What to work on:
Output the entries below without any alteration.

Provided data:
_ _ _ _

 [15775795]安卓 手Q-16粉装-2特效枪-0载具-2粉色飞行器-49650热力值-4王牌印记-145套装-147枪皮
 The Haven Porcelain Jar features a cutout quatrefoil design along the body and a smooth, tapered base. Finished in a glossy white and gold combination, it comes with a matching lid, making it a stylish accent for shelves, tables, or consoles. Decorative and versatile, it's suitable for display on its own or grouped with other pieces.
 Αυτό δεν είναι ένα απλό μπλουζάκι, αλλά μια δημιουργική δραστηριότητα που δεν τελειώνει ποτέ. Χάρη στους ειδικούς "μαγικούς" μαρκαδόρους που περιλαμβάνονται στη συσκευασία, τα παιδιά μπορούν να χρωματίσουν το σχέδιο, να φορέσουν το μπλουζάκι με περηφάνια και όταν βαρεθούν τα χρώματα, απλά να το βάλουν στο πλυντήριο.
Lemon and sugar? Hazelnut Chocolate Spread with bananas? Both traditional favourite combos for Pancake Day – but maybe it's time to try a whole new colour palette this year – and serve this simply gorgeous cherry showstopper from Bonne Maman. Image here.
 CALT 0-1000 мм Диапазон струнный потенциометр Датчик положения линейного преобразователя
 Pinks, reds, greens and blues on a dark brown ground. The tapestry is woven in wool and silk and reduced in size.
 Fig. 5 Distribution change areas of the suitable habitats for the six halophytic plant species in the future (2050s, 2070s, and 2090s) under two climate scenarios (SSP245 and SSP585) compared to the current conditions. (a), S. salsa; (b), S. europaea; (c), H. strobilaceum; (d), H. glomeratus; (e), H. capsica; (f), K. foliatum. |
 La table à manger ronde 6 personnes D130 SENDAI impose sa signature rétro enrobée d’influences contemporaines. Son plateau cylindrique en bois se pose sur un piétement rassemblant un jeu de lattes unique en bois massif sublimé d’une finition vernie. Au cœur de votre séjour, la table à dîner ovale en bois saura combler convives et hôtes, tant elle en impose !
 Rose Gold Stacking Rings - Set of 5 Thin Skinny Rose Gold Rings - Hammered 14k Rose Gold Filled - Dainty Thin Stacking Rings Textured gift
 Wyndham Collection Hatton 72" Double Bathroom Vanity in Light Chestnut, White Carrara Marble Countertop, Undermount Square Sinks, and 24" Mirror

_ _ _ _

Problem solution:
 [15775795]安卓 手Q-16粉装-2特效枪-0载具-2粉色飞行器-49650热力值-4王牌印记-145套装-147枪皮
 The Haven Porcelain Jar features a cutout quatrefoil design along the body and a smooth, tapered base. Finished in a glossy white and gold combination, it comes with a matching lid, making it a stylish accent for shelves, tables, or consoles. Decorative and versatile, it's suitable for display on its own or grouped with other pieces.
 Αυτό δεν είναι ένα απλό μπλουζάκι, αλλά μια δημιουργική δραστηριότητα που δεν τελειώνει ποτέ. Χάρη στους ειδικούς "μαγικούς" μαρκαδόρους που περιλαμβάνονται στη συσκευασία, τα παιδιά μπορούν να χρωματίσουν το σχέδιο, να φορέσουν το μπλουζάκι με περηφάνια και όταν βαρεθούν τα χρώματα, απλά να το βάλουν στο πλυντήριο.
Lemon and sugar? Hazelnut Chocolate Spread with bananas? Both traditional favourite combos for Pancake Day – but maybe it's time to try a whole new colour palette this year – and serve this simply gorgeous cherry showstopper from Bonne Maman. Image here.
 CALT 0-1000 мм Диапазон струнный потенциометр Датчик положения линейного преобразователя
 Pinks, reds, greens and blues on a dark brown ground. The tapestry is woven in wool and silk and reduced in size.
 Fig. 5 Distribution change areas of the suitable habitats for the six halophytic plant species in the future (2050s, 2070s, and 2090s) under two climate scenarios (SSP245 and SSP585) compared to the current conditions. (a), S. salsa; (b), S. europaea; (c), H. strobilaceum; (d), H. glomeratus; (e), H. capsica; (f), K. foliatum. |
 La table à manger ronde 6 personnes D130 SENDAI impose sa signature rétro enrobée d’influences contemporaines. Son plateau cylindrique en bois se pose sur un piétement rassemblant un jeu de lattes unique en bois massif sublimé d’une finition vernie. Au cœur de votre séjour, la table à dîner ovale en bois saura combler convives et hôtes, tant elle en impose !
 Rose Gold Stacking Rings - Set of 5 Thin Skinny Rose Gold Rings - Hammered 14k Rose Gold Filled - Dainty Thin Stacking Rings Textured gift
 Wyndham Collection Hatton 72" Double Bathroom Vanity in Light Chestnut, White Carrara Marble Countertop, Undermount Square Sinks, and 24" Mirror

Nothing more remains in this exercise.